The other part is once a program warmup slowly, I like to start out with abs(Situps, crunches etc.) training
In the upper body it's a seasonal thing. In spring and summer men and women like to play tennis, baseball or softball, generalized overhead racquet sports. Early March April here in Atlanta especially is when we see rotator cuff tears, that is, shoulder muscle tears. That's simply because the muscles have never warmed up and the winter has passed and they haven't used that body part.
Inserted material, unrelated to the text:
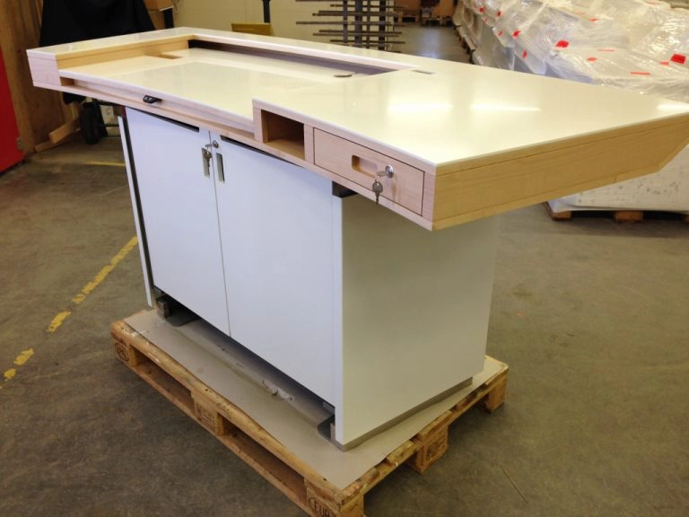 Höj- och sänkbar receptionsdisk Av Pia Hansson | Publicerat 23 januari, 2014 Höj- och sänkbar receptionsdisk i lönn och toppskiva i vit Staron® klar för packning och leverans. Dela inlägg

The other problem with the upper body is the weight training clients that insist on doing high weights with low repetitions, as opposed to doing low weights with high repetitions.
The common lower body problems are with joggers, runners and to a lesser extent walkers who increase their mileage suddenly and may go out while they're used to doing two miles, and suddenly do 20, and get knee pains that promote early arthritis to the knee, because they didn't build up the muscles around the knee, that is, the quadriceps muscle. People don't stretch because it is annoying, but when they start playing running sports like baseball or soccer, they get groin injuries, hamstring tears and even some foot injuries.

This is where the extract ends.